Dependent Variable: Population

Output Statistics
Obs	Year	Dependent Variable	Predicted Value	Std Error Mean Predict	95% CL Mean		95% CL Predict		Residual	Std Error Residual	Student Residual	Cook's D
1	1790	3.93	6.2127	1.7565	2.5362	9.8892	-1.0631	13.4884	-2.2837	2.432	-0.939	0.153
2	1800	5.31	5.7226	1.4560	2.6751	8.7701	-1.2565	12.7017	-0.4146	2.623	-0.158	0.003
3	1810	7.24	6.5694	1.2118	4.0331	9.1057	-0.2021	13.3409	0.6696	2.744	0.244	0.004
4	1820	9.64	8.7531	1.0305	6.5963	10.9100	2.1144	15.3918	0.8849	2.817	0.314	0.004
5	1830	12.87	12.2737	0.9163	10.3558	14.1916	5.7087	18.8386	0.5923	2.856	0.207	0.001
6	1840	17.07	17.1311	0.8650	15.3207	18.9415	10.5968	23.6655	-0.0621	2.872	-0.022	0.000
7	1850	23.19	23.3254	0.8613	21.5227	25.1281	16.7932	29.8576	-0.1344	2.873	-0.047	0.000
8	1860	31.44	30.8566	0.8846	29.0051	32.7080	24.3107	37.4024	0.5864	2.866	0.205	0.001
9	1870	39.82	39.7246	0.9163	37.8067	41.6425	33.1597	46.2896	0.0934	2.856	0.033	0.000
10	1880	50.16	49.9295	0.9436	47.9545	51.9046	43.3476	56.5114	0.2255	2.847	0.079	0.000
11	1890	62.95	61.4713	0.9590	59.4641	63.4785	54.8797	68.0629	1.4757	2.842	0.519	0.010
12	1900	75.99	74.3499	0.9590	72.3427	76.3571	67.7583	80.9415	1.6441	2.842	0.578	0.013
13	1910	91.97	88.5655	0.9436	86.5904	90.5405	81.9836	95.1473	3.4065	2.847	1.196	0.052
14	1920	105.71	104.1178	0.9163	102.2000	106.0357	97.5529	110.6828	1.5922	2.856	0.557	0.011
15	1930	122.78	121.0071	0.8846	119.1556	122.8585	114.4612	127.5529	1.7679	2.866	0.617	0.012
16	1940	131.67	139.2332	0.8613	137.4305	141.0359	132.7010	145.7654	-7.5642	2.873	-2.632	0.208
17	1950	151.33	158.7962	0.8650	156.9858	160.6066	152.2618	165.3306	-7.4712	2.872	-2.601	0.205
18	1960	179.32	179.6961	0.9163	177.7782	181.6139	173.1311	186.2610	-0.3731	2.856	-0.131	0.001
19	1970	203.21	201.9328	1.0305	199.7759	204.0896	195.2941	208.5715	1.2782	2.817	0.454	0.009
20	1980	226.54	225.5064	1.2118	222.9701	228.0427	218.7349	232.2779	1.0356	2.744	0.377	0.009
21	1990	248.71	250.4168	1.4560	247.3693	253.4644	243.4378	257.3959	-1.7068	2.623	-0.651	0.044
22	2000	281.42	276.6642	1.7565	272.9877	280.3407	269.3884	283.9400	4.7578	2.432	1.957	0.666
23	2010	.	304.2484	2.1073	299.8377	308.6591	296.5754	311.9214	.	.	.	.
24	2020	.	333.1695	2.5040	327.9285	338.4104	324.9910	341.3479	.	.	.	.
25	2030	.	363.4274	2.9435	357.2665	369.5883	354.6310	372.2238	.	.	.	.

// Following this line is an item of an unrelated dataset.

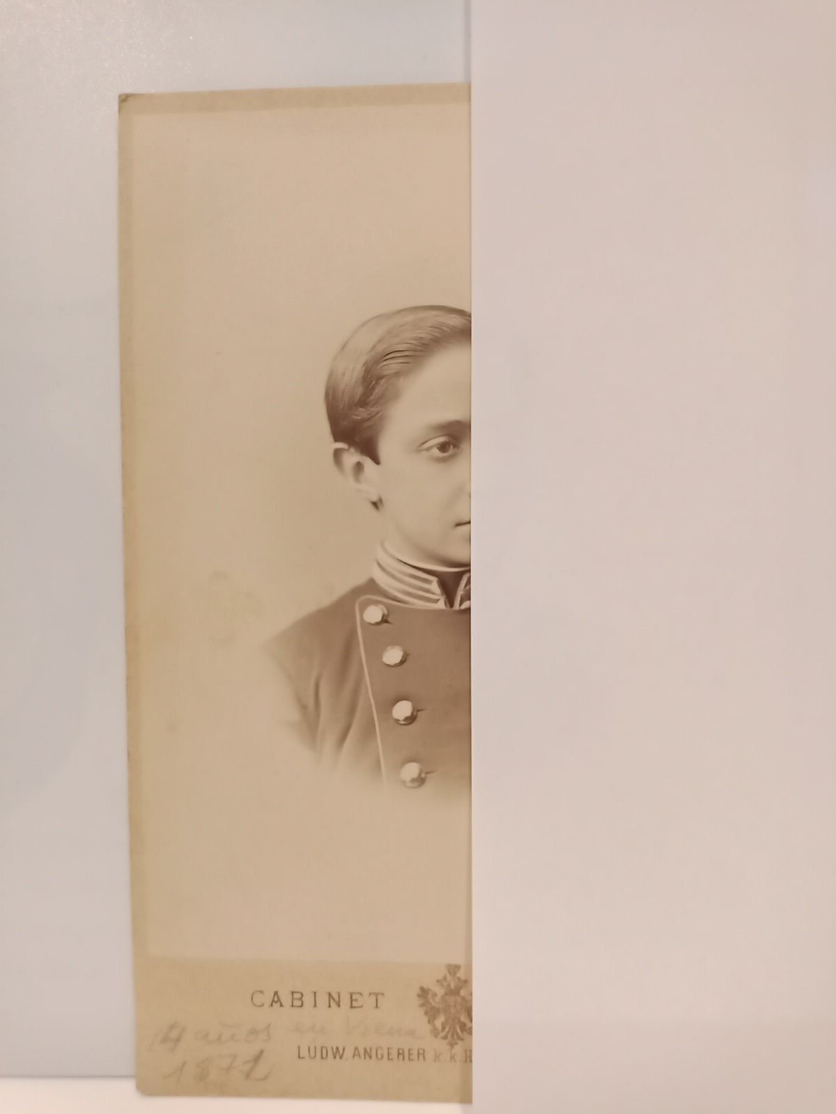 Wien: Ludw. Angerer, [ca 1871].- 13,8 x 10,2 cm. en soporte de 16,5 x 10,8 cm.; color sepia en mate.- Aparece el joven rey, en el que su madre, la Reina Isabel II, había abdicado en el exilio de París en 1870 cuando él tenía tan sólo 13 años, a la edad probable de 14 años en que fue enviado a Viena. Lleva uniforme y muestra un rostro sereno pero con una expresión apagada y entristecida, en la que se refleja su difícil situación personal siendo todavía un adolescente. Al pie del soporte nombre y datos del fotógrafo y en el verso el escudo y slogan publicitario del estudio fotográfico.* POLÍTICA ESPAÑOLA DESDE 1833 A 1936

Figure 85.35: Studentized Residuals and Cook’s D

After producing the usual analysis of variance and parameter estimates tables (Figure 85.33), the procedure displays the results of requesting the options for predicted and residual values (Figure 85.34). For each observation, the requested information is shown. Note that the ID variable is used to identify each observation. Also note that, for observations with missing dependent variables, the predicted value, standard error of the predicted value, and confidence intervals for the predicted value are still available.

The studentized residuals and Cook’s D statistics in Figure 85.34 and Figure 85.35 are displayed as a result of specifying the R option. The large absolute studentized residuals for 1940 and 1950 (best seen in Figure 85.35) indicate that the overall model is inadequate for explaining the population in these two years. You can use ODS Graphics to obtain plots of studentized residuals by predicted values or leverage; see Example 85.1 for a similar example.